别墅副栋空荡荡的,比起以往,好像更安静了不少。
陈缙鸣手里的手杖,一步一步地轻碰着地面,那动静听着分外沉闷。
陈敬洲缓步跟在他身后。
楼上书房,他反手关严了房门。
陈缙鸣紧锁着眉头,神情十分凝重,一回身便沉声问道:“你性情一向稳重,今天是怎么了?”
“刚才到底发生什么事了?为什么把清野打成那样?”
陈其东匆匆忙忙去喊他们的时候,也没说清楚前因后果,只知道陈敬洲突然对陈清野动了手。
至于原因,他到现在都一头雾水。
陈敬洲站在他一步之外,眼帘微垂,面上平静无波,语气极淡的回:“没有为什么,看他不顺眼。”
陈缙鸣不禁语塞了一下,差点被他这话噎住。
他拄着手杖走近一步,压低了音量,无奈劝道:“儿子,我知道你恨他,但现在不是对他动手的时候。二房背后的靠山,不仅仅是老爷子一个人。”
“你有没有想过,今天这么一闹,二房会不会借机反扑你?!”说到这里,情绪才免不了有几分激动。
陈缙鸣比谁都心疼自己的儿子。多少年了,始终暗恨着自己年轻时,对家族事业不上心,才导致了二房一脉有机可乘。
没有任何助力,陈敬洲就靠着自己,这么步履维艰的走到了今天这一步。
陈缙鸣是怕他一个不小心,最后满盘皆输。
但相比起他的担忧,陈敬洲却总是那淡淡的样子,漫不经心的扯了扯嘴角,说:“打都打了,又能怎么样。”
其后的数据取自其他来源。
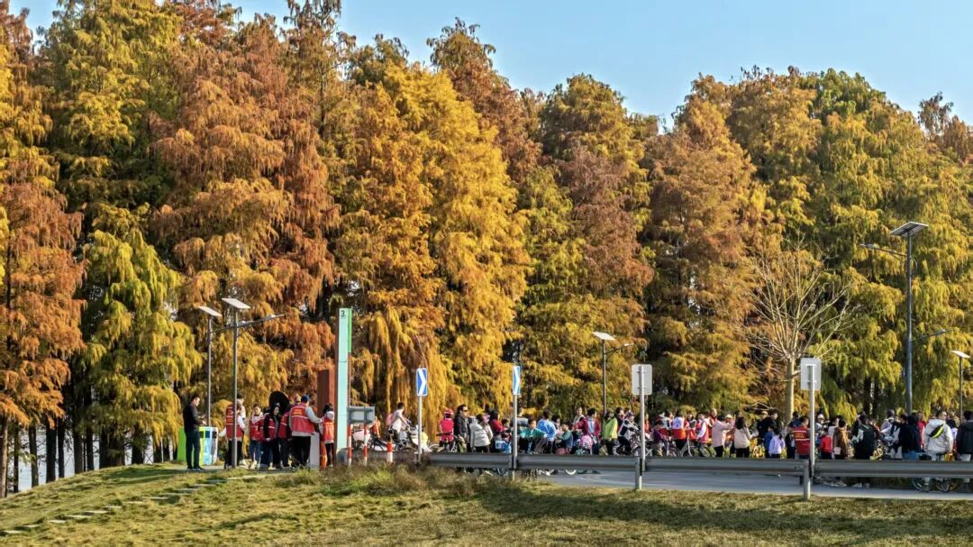 现在乌洲水闸正迎来一年一度的视觉盛宴,沿水成片的落羽杉林悄然换色,层层叠叠、由绿渐红,犹如大自然打翻的调色盘,将水岸渲染成一幅绚烂油画。碧水映红杉,光影叠清波,这般诗意的冬日画卷在水岸缓缓铺展,宛若一处静谧而热烈的秘境,令人情不自禁驻足流连。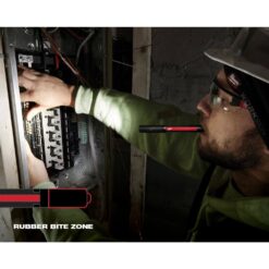 The Milwaukee Rechargeable 250L Penlight w/ Laser offers users faster, more accurate inspections. This rechargeable penlight delivers 250 lumens of TRUEVIEW HIGH DEFINITION OUTPUT, and an integrated laser pointer ensures faster inspections and accurate communication on the jobsite. A built-in protective rubber bite zone allows users to quickly direct light while performing two-handed tasks. With two output modes, users get the optimal light or run-time up-to 8 hours for any task. Stay ready from job-to-job with USB charging and an on-board battery indicator. The removable metal clip offers a secure attachment to shirts or pant pockets for reliable storage. This penlight with laser pointer is built to survive the toughest jobsite conditions with an IP67 water and dustproof rating and withstands impacts up to 2 meters. The Milwaukee Rechargeable 250L Penlight w/ Laser’s built-in battery gives users high performance and rechargeable capabilities where compact size is critical. The Milwaukee Rechargeable 250L Penlight w/ Laser is covered by a 2-year warranty.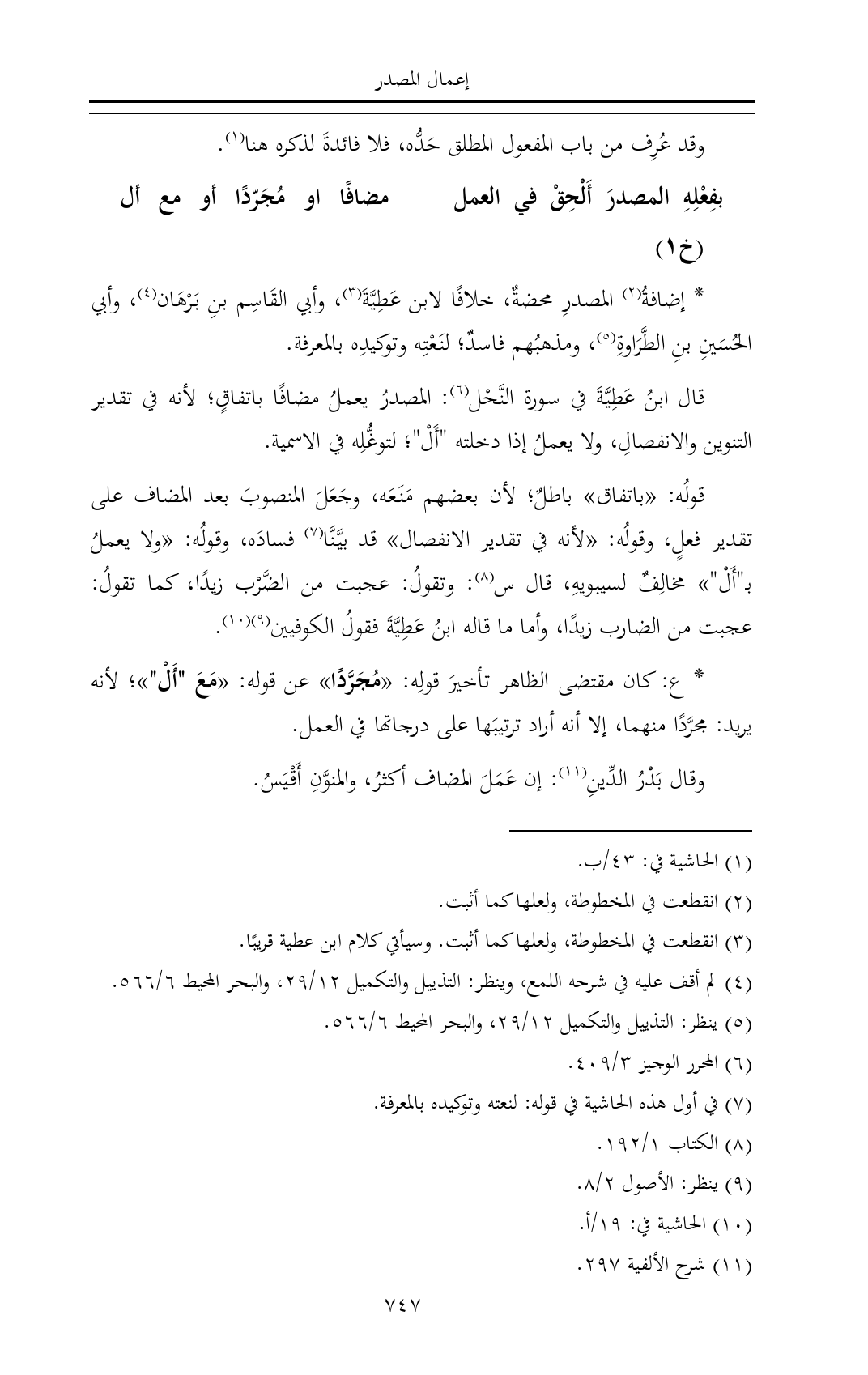 قال ابنُ عَطِيَّةَ في سورة النَّحْل (¬٦): المصدرُ يعملُ مضافًا باتفاقٍ؛ لأنه في تقدير التنوين والانفصالِ، ولا يعملُ إذا دخلته "أَلْ"؛ لتوغُّلِه في الاسمية.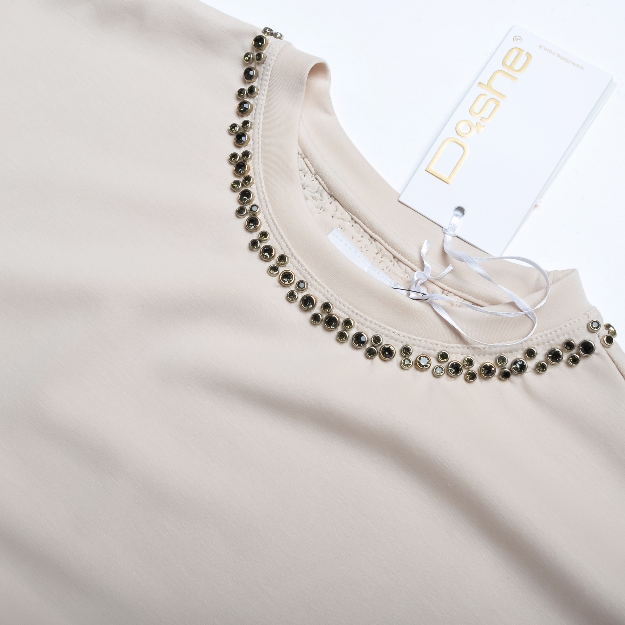 DI'SHE BEŻOWA BLUZA Z CZARNYMI CYRKONIAMI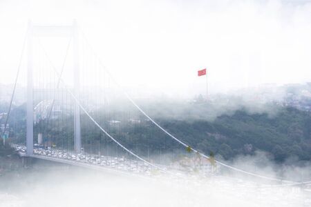 ISTANBUL, TURKEY - JULY 11, 2017: Traffic on Bosphorus Bridge. Bridge on Bosphorus connecting the european waterside of Istanbul with the asian waterside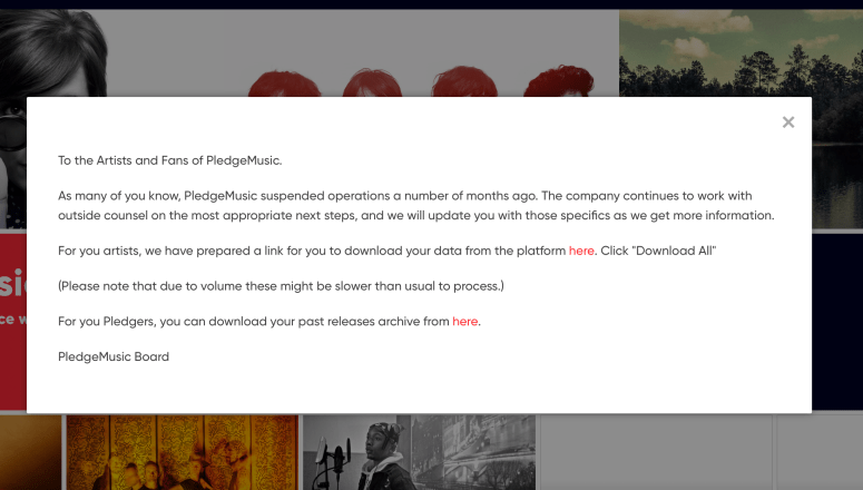 Here is the current website notice. Completely lacking in specifics. Nothing about administration. Maybe this is normal. Maybe it’s not. I will say that publicly available documents indicate the financial history of Pledge Music is extraordinarily complex. And if I were an administrator or creditor I would have a lot of questions. This could be the reason for the delay.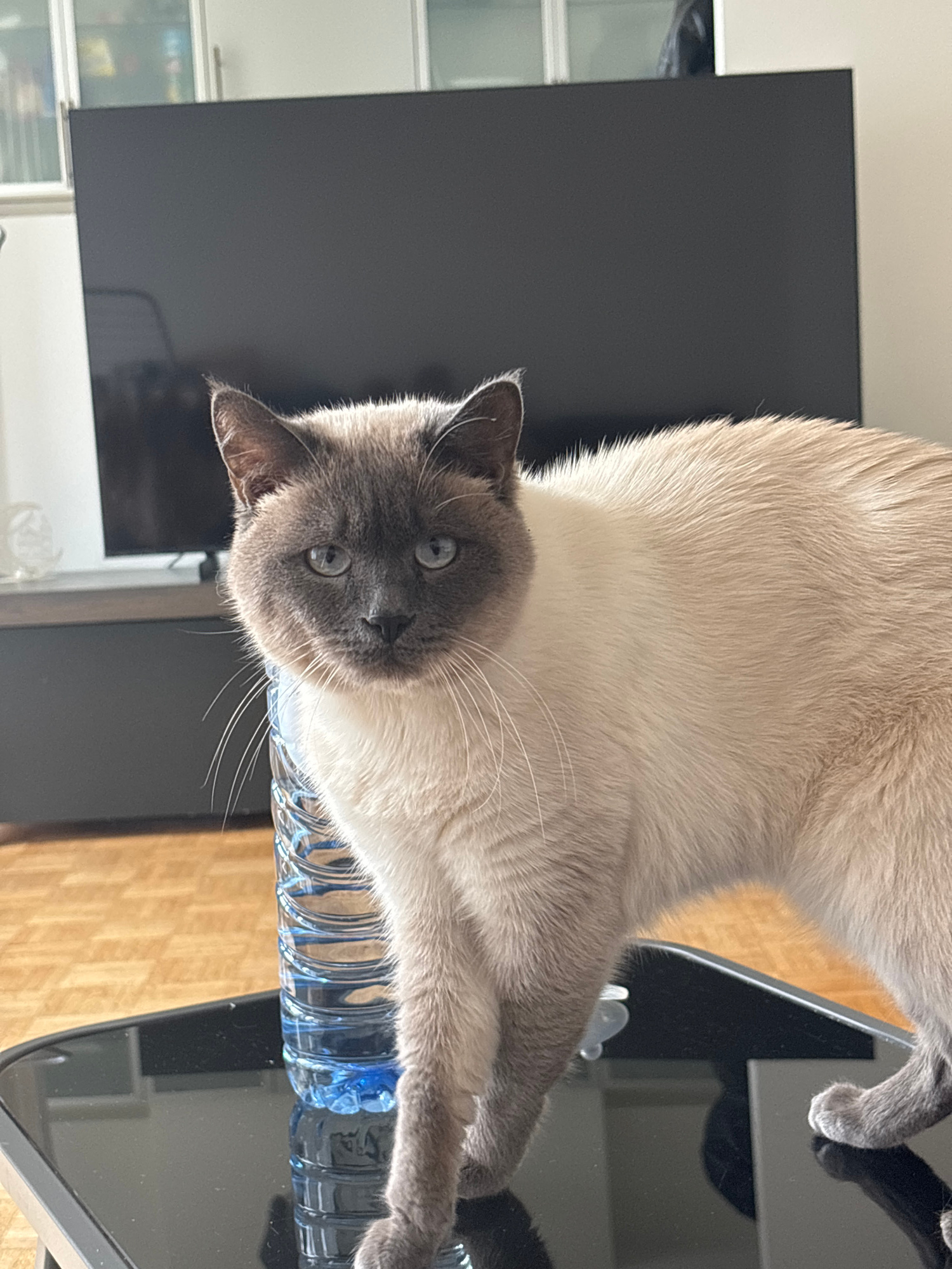 A medium shot depicts a Siamese cat, its face a mask of dark gray fur, resting on a clear, ridged plastic water bottle. The cat's body, primarily tan, extends across a glossy black surface, likely a t…read more

他看着陈缙鸣,思索一瞬,还是冷静的安抚了父亲:“爸,我知道自己在做什么。”
陈缙鸣挑了下眉,不置可否。
他盯着儿子细细端详了片刻,心中终于猜到一二:“又是为了迎迎吧?”
许迎担心陈敬洲。
父子两人上楼后不久,她也悄悄地跟了上去。
一个人在走廊里静等了半晌,也不见男人出来。
她脚上穿着双高跟鞋,站久了就觉得好累,小腿都僵僵木木的,索性靠着墙壁蹲了下来,埋着头有一下没一下捏着自己的手指。
思绪早已飘远……她满脑子都是陈敬洲。
不知怎么的,心上仿佛有什么东西,被打了个死结似的,让她乱如麻,实在难以理清。
只知道心中干涸,正被一场细雨无声的滋润着。那样的平静且强大。润物细无声般,在点点滴滴里,渗透了她的全部。
她难以自控的渴望着什么。
许迎低着头出神了很久,隐约听到脚步声正由远及近……
思绪渐渐的回笼时,先进入视线的,便是男人那双干净又昂贵的高定皮鞋。
再往上,是他无半点褶痕的笔直裤管,清贵温冷的灰色系,包裹着他遒劲有力的长腿。
高高的站在那儿,宛若山峰不可攀。
许迎一仰起头,就对上了他深不见底的眼睛。
陈敬洲温缓出声:“蹲在这里做什么?”
说话间,伸手一捞,轻轻松松的将她拽了起来。.
许迎蹲的久了,脚有点麻,高跟鞋趔趄的“哒哒”几声,本能抓住了他的衣服。
陈敬洲立刻圈紧她的腰,稳稳地拥着她的身体。
许迎在他怀里抬起了头。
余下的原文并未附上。